Data model¶
The knowledge base consists of information that enable identification and classification of the errors raised by the validator software running a problematic file. In addition to identification and classification, that enable solution discovery, the database will eventually contain analyses and repairs for the problems as the encountered problems are studied.
1. Error¶
JSON Schema ID : http://digitalpreservation.fi/schemas/2025-12/error.schema.ld.json
Description of an error. An error may have many analyses and it may rise from many files. Output example from the validating software may and should present context for the error message and the error message is also most likely found in the output example. Validator, validator version and error message fields should define unique error objects. Objects without set error message are preliminary errors and they are undefined.
Index fields: [‘validator’, ‘validatorVersion’, ‘errorMessage’]
- filesarray of string
List of references to Files.
- analysesarray of string
List of references to Analyses
- validatorstring
Name of the validating software reporting the error.
- validatorVersionarray of string
List of versions of the validating software that produce the error message for the set of the referred files.
- errorMessagestring
The message reported and identified by the validating software. The message can be (should be) exact match but may contain regular expressions if the message contains varying data in the middle of the string, such as a file name or an offset. A certain amount of uncertainty inevitably hovers around when raisin-picking the error message from validator output. The output example field may be used to provide implicit reasoning for the picked string or pattern. Notes field may be used for explicit reasoning.

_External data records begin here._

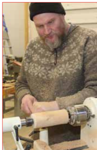
Einbeittni á Blönduósi.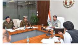
मुख्यमंत्री डॉ. मोहन यादव ने समलभ भवन (मुख्यमंत्री निवास) में जेल विभाग के कार्यों की समीक्षा की आधार या एक-तिहाई अवधि पूर्ण होने पर, ऐसे व्यक्ति को जमानत पर निर्मुक्त करने संबंधित मानवीय न्यायालय को कार्रवाई करने के लिए तुरंत लिखित में आवेदन करना।

भोपाल, गरीब बंदियों को जमानत एवं जुर्माना अदा करने के लिए वित्तीय सहायता प्रदान करने में मध्यप्रदेश देश में प्रथम है। इसमें आर्थिक रूप से कमजोर बंदियों को 25 हजार रुपये तक की जुर्माना राशि मंजूरी की जाती है। मध्यप्रदेश देश का पहला राज्य है जिसने अब तक 31 बंदियों को जुर्माना एवं जमानत के रूप में 6 लाख 43 लाख 517 रुपये की राशि मंजूरी की है। यह बात मुख्यमंत्री डॉ. मोहन यादव ने समलभ भवन में जेल एवं सुधारालय सेवा विभाग की समीक्षा बैठक को निर्देशित करते हुये कही। मुख्यमंत्री ने कहा कि भारतीय नागरिक सुरक्षा संहिता की धारा 479 के प्राधान्यों का पालन करने में भी मध्यप्रदेश देश में अग्रणी राज्य है। इस धारा में यह प्राधान्य है कि "जेल अधीक्षक, जेल में निरूद्ध अभियुक्त व्यक्ति के उपबंधित कारावासी की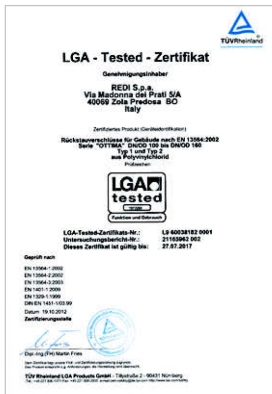
Certificati valvole antiriflusso "OTTIMA"

Le Valvole Antiriflusso REDI sono marcate CE secondo quanto stabilito nell'allegato ZA della norma europea armonizzata EN 13564-1:2002, e in ottemperanza alla Direttiva Europea 89/106/CEE del 21 dicembre/1988 sui prodotti da costruzione.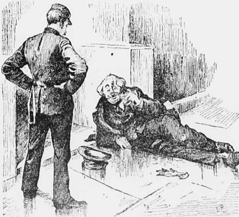
Sergeant de police.—Allons, debout ; ou je vous mène au poste. Le père Louison.—Tendez, un peu que j'phrenne des notes. Shuis allé au musée. J'ai vu un moineau blanc, un sherin rouge, un chat couleur de flanelle, trois sherpents écarlates, dix-huit rats jhaunes et un petit cheval vbert.

À la sensation pénible du froid qui, tout à l'heure, lui arrachait des larmes, a succédé une souffrance bien autrement cruelle : l'horrible appréhension de sa fin prochaine ; sans cesse, à ses oreilles, tinte la lugubre prophétie de la pauvre femme : "Courage, Louisic, tu n'as plus longtemps à souffrir."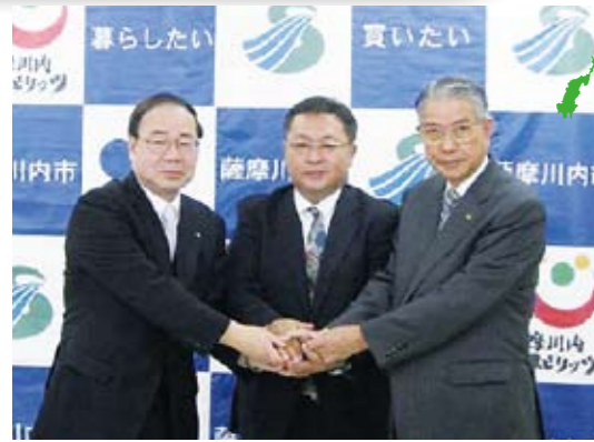
▲(株)リンク 瀬戸口代表取締役(写真中央)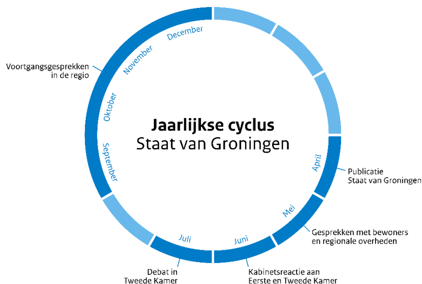
Figuur 1 In 2026 zal de SvGND eenmalig in mei verschijnen, waardoor ook de vervolgstappen opschuiven in de tijd. Het debat met de Tweede Kamer der Staten-Generaal wordt door de Kamer zelf ingepland op een door de Kamer te kiezen moment, vóór of ná het zomerreces.

De SvGND beoogt een jaarlijks totaalbeeld te geven van de resultaten en voortgang op alle pijlers van het beleid (en voor zover van toepassing de hieraan ten grondslag liggende wettelijke taken voor de verantwoordelijke minister, zoals opgenomen in de Tijdelijke Wet Groningen, waarvoor thans een wijzigingswetsvoorstel in voorbereiding is). 2 Dit zijn vijf pijlers: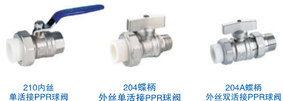
210 内丝 单活接PPR球阀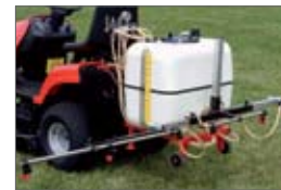
postrekovač 32 900,- Sk 1 092,08 €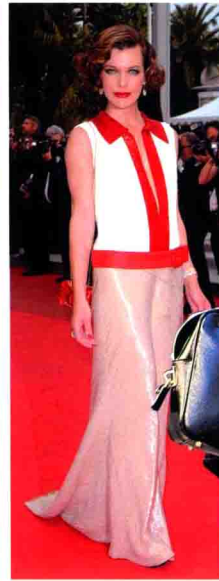
米拉·乔沃维奇 身穿 Prada 秋冬系列礼服亮相红毯。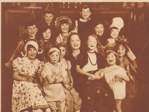
Vor drei Jahren in Berlin . . .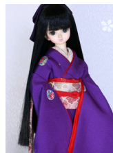
裾引き振袖紫に手鞠MSDサイズ mk-0075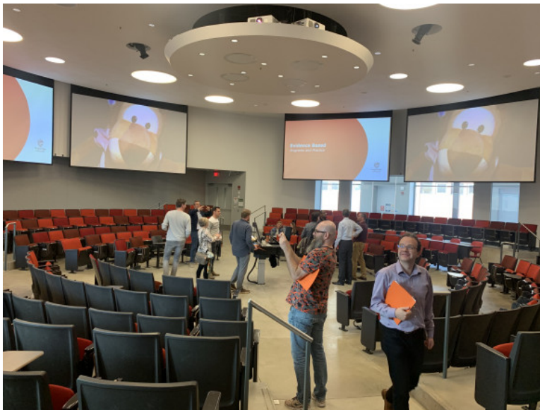
Ronde collegezaal van OSU.

Ondanks dat de conferentie in een andere vorm plaatsvond vanwege de pandemie hebben de 25 deelnemers voor het thema Learning Spaces interessante zaken mee terug genomen. Lees het verslag vanuit SURF (met verwijzing naar andere verslagen) en krijg een indruk van het bijzondere Learning Innovation Center van Oregon State University met hun ronde collegezalen.

- type[‘general’, ‘exact’, ‘’]
The error message can (perhaps) be classified either general, exact or unknown. Exact error message may have exact repair solution, general error message needs to be investigated further, has probably many analyses and repairs, and should probably have a more specific error message. Error messages of unknown are not studied yet in such a way.
- outputExamplearray
Additional output from the validator to the error mesasge to give context for later handling and verification. For example the full output from the validating software.
- notesarray
Additional information on the error.
2. Analysis¶
JSON Schema ID : http://digitalpreservation.fi/schemas/2025-09/analysis.schema.ld.json
Description of the problem.
Index fields: [‘@id’, ‘softwareProlem’, ‘fixable’]
- @idstring
Analysis object identifier.
- repairsarray of string
List of reference to Repairs.
- analysisarray of string
The analysis of the error. String items in the array can be presented as paragraphs.
- softwareProblem[‘yes’, ‘no’, ‘’]
Classification whetever the cause of the problem is in the validating software, that is a software bug, or not. Bugs should most likely be handled by the developers.
- significantPropertiesarray of string
The significant properties that are especially taken into account in the analysis. Significant properties may provide a perspective to the problem. String items in the array can be presented as paragraphs.
- fixable[‘yes’, ‘no’, ‘’]
Should a fix be determined for the error based on this analysis?
3. Repair¶
JSON Schema ID : http://digitalpreservation.fi/schemas/2025-11/repair.schema.ld.json
A repair solution for an error based on an analysis.
Index fields: [‘@id’]
- @idstring
Identifier for the repair.
- repairstring
Detailed description of the repair
- headingstring
Heading or a very short description of the repair for an article.
- executionstring
Command execution example for the repair, if there is such.
- effectsstring
Description of how performing the repair affects data.
- justificationstring
Rationale for accepting the repair.
- filesarray of string
Knowledge base file object identifiers that refer to file that were normalised using this solution.
4. File¶
JSON Schema ID : http://digitalpreservation.fi/schemas/2025-09/file.schema.ld.json
Description of a file. File objects describe content from which a problem arises. Although the file may be also valid and have no error object referring to it.
Index fields: [‘checksum’]
- @idstring
Identifier for the file
- sourcestring
Identifier for the source classifying the file.
- descriptionstring
Description of the content.
- wellFormed[True, False, None, ‘virtual’]
Should the file validate as well-formed. ‘null’ value equals to undetermined. ‘virtual’ value refers to virtual or dummy files that will never have a location but connect an error to a file format.
- checksumobject
Checksums of the content in the locations. Two checksums are used to mitigate checksum collisions. The other is faster and the other is more reliable.
- locationarray of string
List of free form descriptions of the file locations to the source. Locations may be URIs (URL preferred), relative file paths or instructions on how to ask for the file.
5. Format¶
JSON Schema ID : http://digitalpreservation.fi/schemas/2026-01/source.schema.ld.json
Description of a file format. The file format classifies file objects and determines the valid form for the data.
Index fields: [‘fileFormat’, ‘version’]
- @idstring
Identifier for the source.
- fileFormatstring
MIME type of the file format.
- versionstring
Version of the file format.
- profilestring
Further classification of the data.
- descriptionstring
Free form description.
- specificationarray of objects
List of objects with location, name or other description of the specification as the value and name for the resource as a key.